An Interview with Sebastian Aguiar of Apollo Ventures

Apollo Ventures is one of the first wave of investor concerns focused on the treatment of aging, and the principals and staff have put a fair amount of work into building a model for finding and commercializing promising research. They also publish the Geroscience popular science site, which is a helpful act of advocacy for the wider cause. As is the case for near all bigger venture funding organizations, they have a senolytics company (Cleara Biotech) in their portfolio, and thus the SENS model for rejuvenation is advanced.

What initially attracted you to aging as a general discipline?

Through multiple, orthogonal, potentially synergistic interventions, we are able to extend the healthy lifespan of model organisms. In mice, the ablation of senescent cells can extend median lifespan by 30%. The augmentation of autophagy and the transient re-activation of telomerase yield similar rejuvenating effects. These interventions should be combined, as they may be synergistic. It is only a matter of time before these interventions are working in the clinic. This kind of evidence was enough for me to commit my career to geroscience because, many years ago, I saw that the 'writing is on the wall' - thanks to advances in molecular biology, healthy life extension is no longer science fiction. This century, geroscience will be a paradigm shift comparable to the antibiotics revolution in the last century.

What is the main challenge you have faced as a longevity investor?
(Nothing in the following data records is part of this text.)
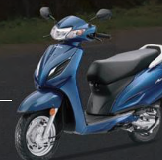
Pearl Siren Blue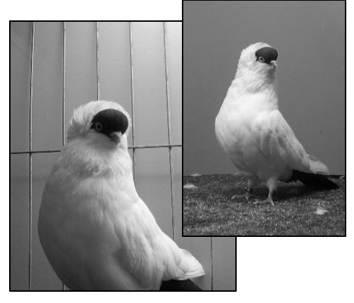
Champion Black OH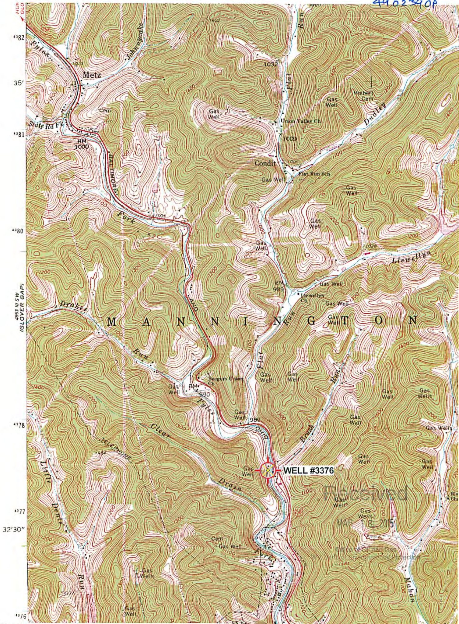
'Mannington; WV' Scale: 1" = 0.379Mi 610Mt 2,000Ft, 1 Mi = 2.640", 1 cm = 240Mt

Most geroscientists are not working on translational research. They are basic scientists. Basic science is the bedrock of everything we do, but it's not enough. Pharma has dropped the ball in drug discovery and development, and there is a major gap in the pipeline between academic proof-of-concept and drug development. There is not enough collaboration between biologists, chemists, and drug hunters. The transition through the 'valley of death' of drug development is where company-building venture capital firms such as Apollo Ventures can step in. For example, there are many biologists with data showing that gene X or protein Y, when modulated, has salutary effects. They might even identify a 'hit' molecule, such as a natural product or library compound that modulates the target or mechanism of action, but they usually don't partner with chemists to perform medicinal chemistry optimization, pharm/tox, and validation in multiple animal models of disease.

The other challenge is that, as investors, we don't see many established, aging-focused biotechs that satisfy our investment criteria. The science may be solid, but the team is lacking, or vice versa. There are not many experienced C-level biotech managers out there, and few understand geroscience. This will change once the field has a few clinical successes. Then the floodgates will open.

What can we expect from you and Apollo Ventures in 2019?

We will unveil a few more geroscience companies that are currently in stealth mode. Apollo will continue to build our internal team as well. We are looking for people with talent in both geroscience and biotech business management. Apollo was founded by a partnership of successful entrepreneurs and aging scientists with expertise in the biopharma and management consulting businesses. The depth of scientific expertise and biopharma business acumen within Apollo is unique in the geroscience space. Another distinguishing feature is that Apollo is focused more heavily on company building than other investors who are oriented toward investing in pre-established companies.

Link: https://www.leafscience.org/longevity-investor-network-member-spotlight-sebastian-aguiar/

Comments

"Apollo is focused more heavily on company building than other investors who are oriented toward investing in pre-established companies."

Pure nonsense - we don't need more companies - we need more real investment in the 00s of companies that exist in the space

Has Apollo raised any legitimate funding from external partners?

Or is it just a "venture organizer"?

Because, I'm sure they know, getting companies across the "valley of death" requires a "valley full of dollars"

Posted by: BioInvest99 at February 10th, 2019 6:42 AM

We need more companies actually developing damage repair approaches, there are a lot of fairly pointless approaches sucking up money currently + the snake oil.